The average Andover homeowner’s tax bill, based on an average assessment of $858,952, will be $11,733 when bills to pay for the budget approved by town meeting in May are sent out.

The rates, which were unanimously approved by the Andover Select Board Monday, raise the average homeowner’s tax bill 5.9 from $11,075 last year, and are above the town’s10-year average residential property tax increase of 3.6 percent. Homeowners could also see an additional increase, thanks to assessed property values that rose.

More coverage on Andover News: Select Board Notebook

The select board approved a shift similar to the ones approved in recent years to keep the increases mostly level across residential, commercial and industrial tax rates. The rate increased more than the 3.6 percent increase in the town’s operating budget, thanks to debt-exclusion votes to fund school construction and the town’s pensions obligations, which were previously approved by town meeting.

“This is the impact when you go and vote an override over the 2.5 percent” allowed under Massachusetts law for the maximum annual property tax rate increase, Chair Alex Vispoli said. “This is what happens — it stays there as long as that debt is with us.”

The residential rate approved Monday is $13.66 per $1,000 of assessed property value and $27.32 for commercial and industrial properties. The new commercial rate represents an 1.0 percent increase over this year, while the industrial rate is a 6.2 percent increase. All the percentages reflect increases in assessed value.

The average assessment for the fiscal year beginning July 1, 2023 is $858,952, up 13.2 percent from the current year’s assessment of $758,570. The average assessment for other classes of properties include:

Property TypeFY 2024 AverageFY 2023 AverageIncrease
Residential$858,952$758,57013.2%
Condominium$406,912$371,3099.6%
Multifamily$716,475$618,12616.0%
Commercial$2,590,325$2,392,2898.3%
Industrial$5,828,735$5,118,90613.9%
Source: Andover Board of Assessors

The total assessed value of all properties in Andover was $10.93 billion, up 13.3 percents from $9.65 billion in the current year.
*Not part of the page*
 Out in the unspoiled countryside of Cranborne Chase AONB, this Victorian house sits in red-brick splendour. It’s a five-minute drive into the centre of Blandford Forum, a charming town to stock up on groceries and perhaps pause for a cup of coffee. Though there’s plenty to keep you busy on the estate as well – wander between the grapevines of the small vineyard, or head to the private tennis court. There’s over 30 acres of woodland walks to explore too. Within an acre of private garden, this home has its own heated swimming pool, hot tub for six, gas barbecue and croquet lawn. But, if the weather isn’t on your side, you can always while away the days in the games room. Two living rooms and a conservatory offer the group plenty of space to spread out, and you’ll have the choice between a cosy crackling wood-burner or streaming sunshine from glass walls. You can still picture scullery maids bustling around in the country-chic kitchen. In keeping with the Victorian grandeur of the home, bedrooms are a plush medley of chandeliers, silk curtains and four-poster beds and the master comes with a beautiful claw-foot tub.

The biggest year-over-year increases in total property value were industrial (13.9 percent) and residential (13.7 percents), which includes condominiums and multifamily homes.
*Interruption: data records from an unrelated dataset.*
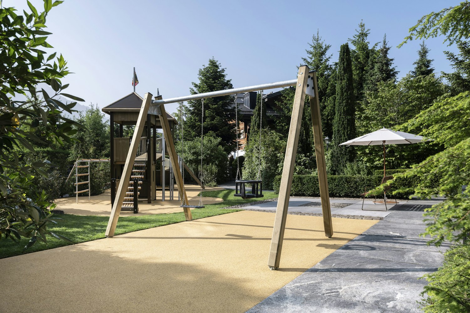 Unser brandneuer Aussenspielplatz ist ein wahres Paradies für kleine Entdecker. Eingebettet in unsere Gartenanlage – nur wenige Schritte vom Pool und den Restaurants entfernt – bietet dieser liebevoll gestaltete Spielbereich ein Spielerlebnis, das von der beeindruckenden Alpenlandschaft inspiriert ist.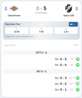 Vasco atropela Cabofriense por 5 a 0 no primeiro duelo das oitavas de final do OPG Sub-20 quinta-feira, 15/08/2024 às 17:05 — Em Últimas notícias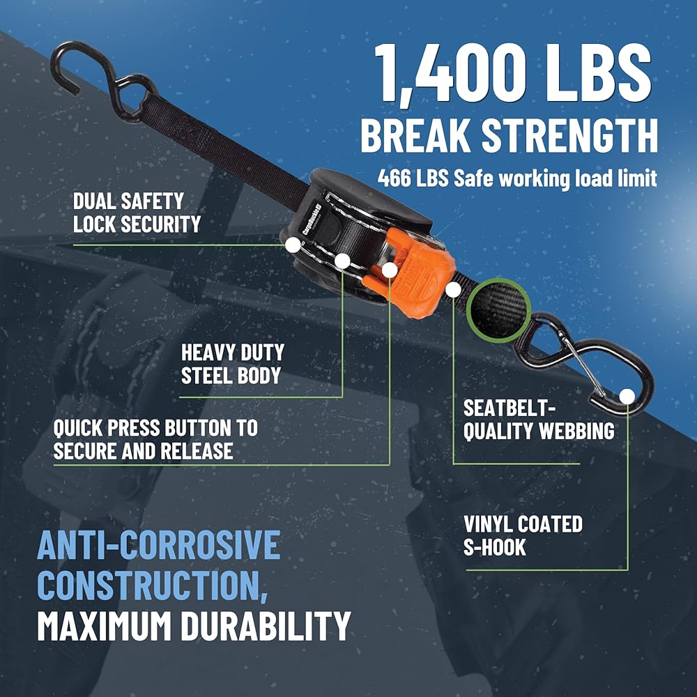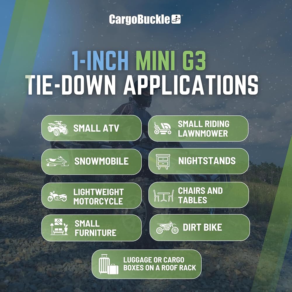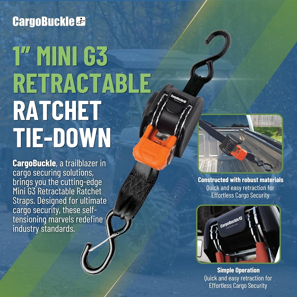 The CargoBuckle Mini G3 retractable ratchet tie-down system boasts six feet of one-Inch webbing which enables you to tie down more equipment in more applications, conveniently and securely. Each tie-down has a break strength of 1,400-Pound and a safe working load of 466-Pound. The CargoBuckle Mini G3 can be used on a trailer, toy hauler, cargo rack, lift, truck, ladder rack and in various other applications. CargoBuckle Brand Tie-Down Systems offer high quality, innovative solutions for securing and towing gear in the powersports, automotive, hardware, material handling and assisted living markets. From innovative retractable tie-down systems to custom strap assemblies, CargoBuckle products provide the utmost in durability and convenience.

As part of setting the tax rates Monday, the select board also considered and voted to not adopt three exemptions allowed by the state Department of Revenue. Those exemptions included:

  • An open space discount, which would have exempted 25 percent of the assessed value of land classified as open space. Open space is kept in a natural state and typically have no development potential, and most of the qualifying properties in Andover are owned by the town.
  • A residential exemption that would have discounted up to 35 percent of the assessed value for residential property that is the principal residence of the owner. This exemption is typically adopted in towns with high rates of seasonal rentals or in metro areas with higher densities of rental properties. Adoption of the exemption would have shifted more of the tax burden on higher-valued properties from lower-valued properties.
  • A commercial exemption that would have exempted up to 10 percent of assessed commercial property values for commercial property owners who had annual employment of fewer than 10 employees and an assessed value under $1 million.